[[ TASK INPUTS, beginning ]]

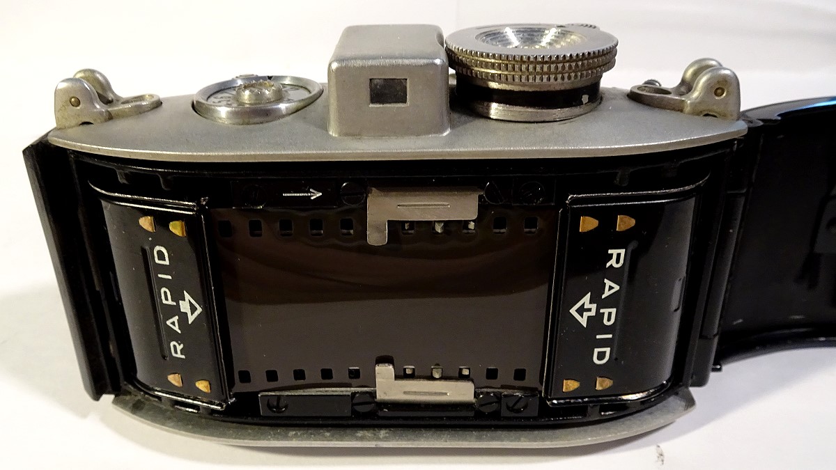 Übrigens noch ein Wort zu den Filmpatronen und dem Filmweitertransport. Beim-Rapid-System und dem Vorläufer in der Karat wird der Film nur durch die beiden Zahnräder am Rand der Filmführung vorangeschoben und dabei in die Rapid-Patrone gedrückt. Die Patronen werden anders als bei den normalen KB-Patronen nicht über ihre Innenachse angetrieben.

[[ TASK INPUTS, end ]]
[[ TASK INPUTS, beginning ]]

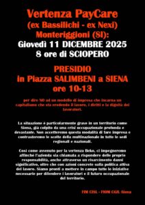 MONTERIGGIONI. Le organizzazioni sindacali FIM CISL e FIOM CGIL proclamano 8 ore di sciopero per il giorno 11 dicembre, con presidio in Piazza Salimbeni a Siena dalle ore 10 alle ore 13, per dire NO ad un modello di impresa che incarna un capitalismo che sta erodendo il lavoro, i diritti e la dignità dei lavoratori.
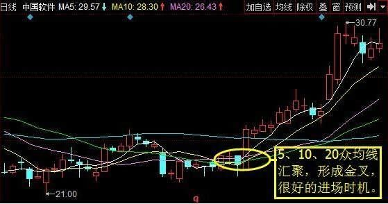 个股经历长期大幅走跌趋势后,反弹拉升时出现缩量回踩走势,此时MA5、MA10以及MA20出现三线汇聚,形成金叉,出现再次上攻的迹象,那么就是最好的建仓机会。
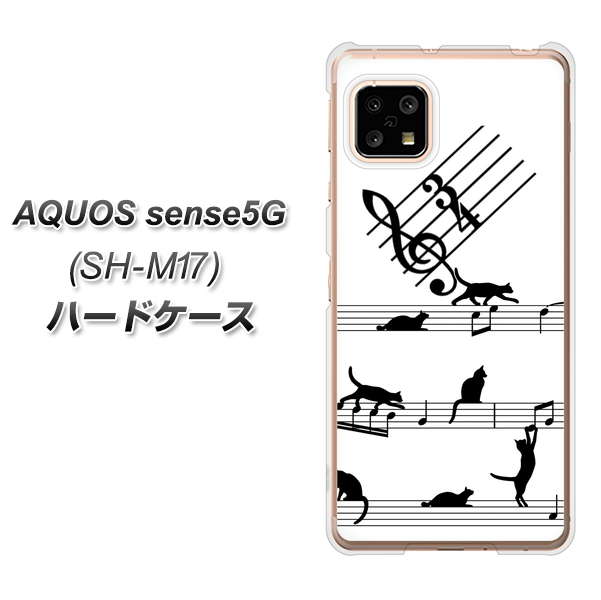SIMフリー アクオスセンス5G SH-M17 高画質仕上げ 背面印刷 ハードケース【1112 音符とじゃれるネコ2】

[[ TASK INPUTS, end ]]

_TASK TO CARRY OUT:_
Using the entries above, repeat exactly the lines from the one with "个股经历长期大幅走跌趋势后,反弹拉升时出" to the one with "SIMフリー アクオスセンス5G SH-M17", both included, and leave the pictures behind.

_EXERCISE OUTPUT:_
 个股经历长期大幅走跌趋势后,反弹拉升时出现缩量回踩走势,此时MA5、MA10以及MA20出现三线汇聚,形成金叉,出现再次上攻的迹象,那么就是最好的建仓机会。
SIMフリー アクオスセンス5G SH-M17 高画質仕上げ 背面印刷 ハードケース【1112 音符とじゃれるネコ2】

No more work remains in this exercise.